Simple Univariate Regressions
This simple test compares the ranks of DV Rating Beta against each of the other metrics. Across metrics, the trend is linear with high correlation (.7-.9). The highest correlation is with Human Rating Beta, which is unsurprising since both come from the same Eloundou et al. paper. The slope is significant for all of them, and the R-squared is between .47 and .78 for all of them, with most being at the high end of that range.
Overall, univariate regressions indicate general agreement when compared to DV Rating Beta.
K Density Plots
In these plots, we compare the K density of the normalized z-scores against DV Rating Beta and against the PCA weighted score of all measures.

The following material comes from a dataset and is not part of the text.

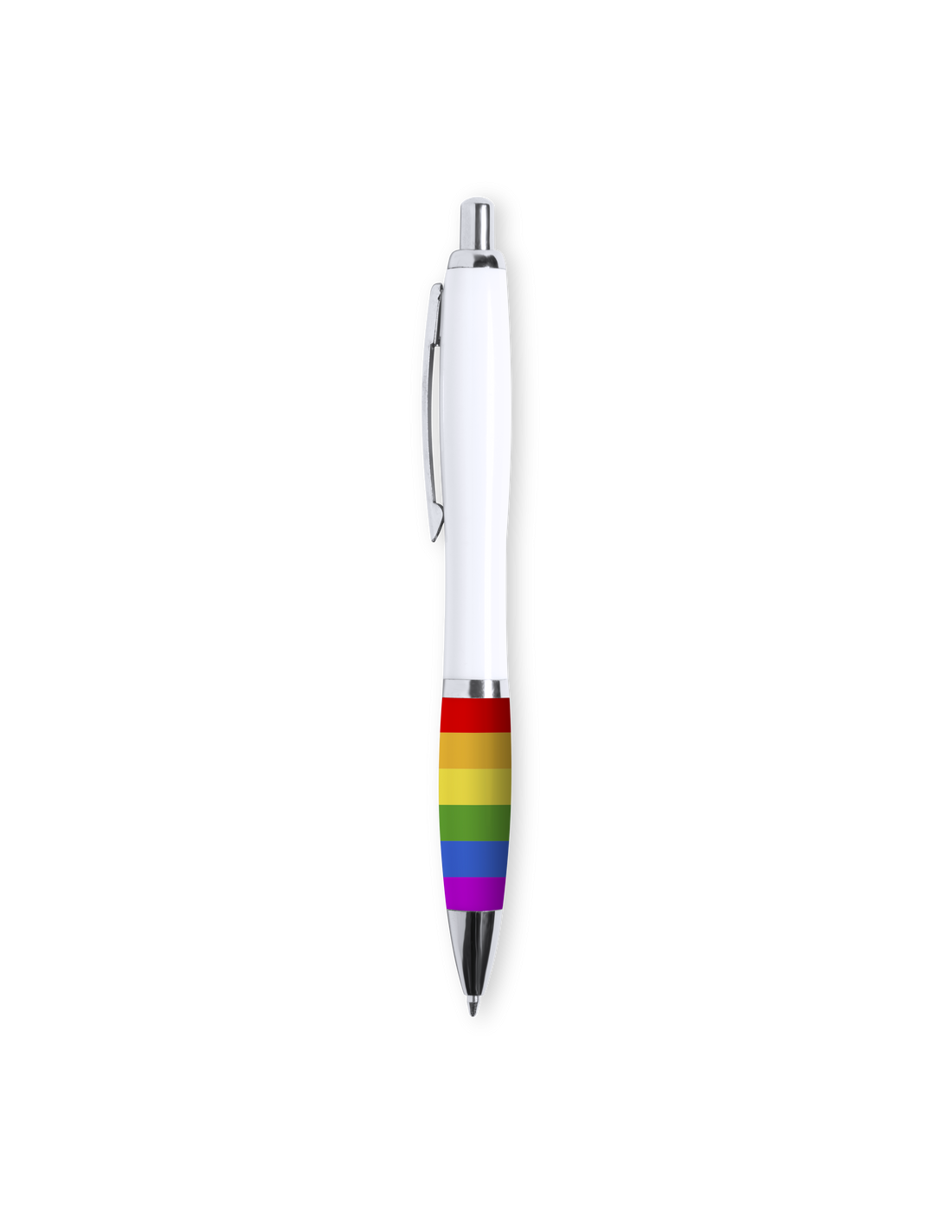 Bolígrafo Rainbow, con empuñadura multicolor y cuerpo en acabado blanco. De mecanismo pulsador, con clip metálico y accesorios cromados. Todo un orgullo de bolígrafo, en tinta azul.

For the plots comparing the measures against DV Rating Beta, there is a significant difference in distribution between each metric, apart from Human Rating Beta. AIOE has an even central distribution with very long tails, indicating that it has more occupations with very high and very low ratings. Both DV Rating Beta and Human Rating are peaked at the low end and moderately high end of exposure. The GenAI metrics both have heavy right skew with long tails, showing that most occupations are centrally scored but with a meaningful and widespread amount of highly exposed occupations. AI Applicability has a high single peak centered around -1.
Comparing the metrics to the PCA weighted score, we see a very different picture. We also standardize the PCA score to render it comparable to the individual metrics. First, the PCA weighted score (blue) inherits the two peaks from the AIOE and Beta metrics. There is still some right skew from the GenAI metrics. The less frequent overlap on the right tail goes towards the theory that there is more variance on the high end of the distribution.
Multivariate Regressions
The regressions included in the main text are multivariate regressions of the variance of the measures against the PCA weighted score across those same metrics while controlling for share of occupation’s workers that are women, the log of salary, and the occupation’s major occupation category. This tests whether the variance (understood here at the disagreement on scores between metrics) varies with the scores themselves. We also test both model specifications.

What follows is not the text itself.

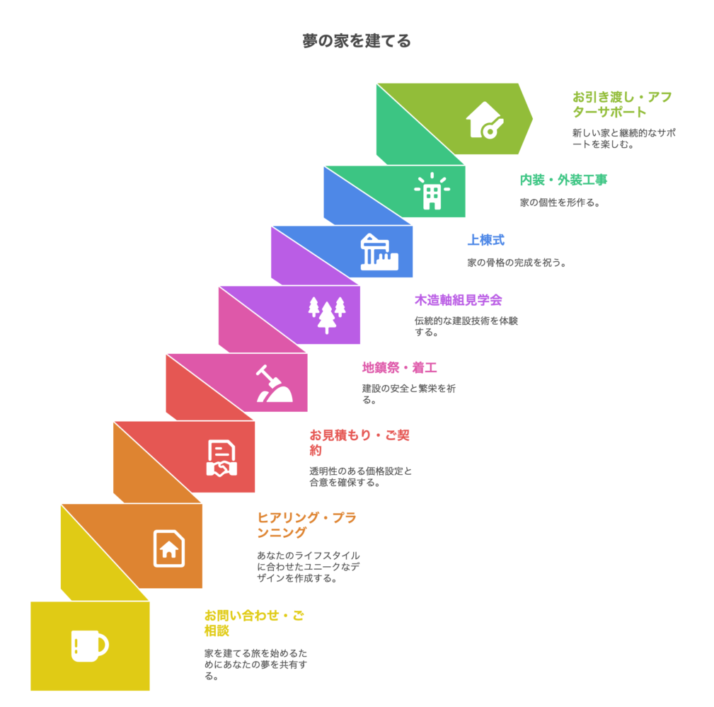 「手刻み」の技が息づく「木造軸組工法」の家が、どのようにして家族の歴史を刻む「至福の空間」となるのか、その全工程を分かりやすくご紹介します。

This lets us answer two different questions. In specification 1, we test whether the metrics agree across all levels of exposure. In specification 2, we test whether DV Rating Beta is a good predictor of the disagreement in other metrics.
The key independent variables are highly significant for both model specifications. As with the simple univariate test, variance increases as exposure gets higher. This is a statistically significant change, with the coefficient indicating that a 1 unit increase in PCA score leads to a 0.0617 increase in variance, which suggests the increase in disagreement is real but only moderate. While the effects of the controls are statistically insignificant, the results for the main independent variables are robust to the inclusion of the controls.
Returning to our earlier example, all metrics agree strongly on plumbers. Their variance across metrics is near zero (.03) and nearly all metrics place them near the bottom of exposure rankings (weighted score of -2.34). Conversely, computer programmers have a variance of .48 and a score of 5.21. The metrics appear to agree that plumbers face minimal AI exposure but disagree substantially on just how exposed computer programmers are.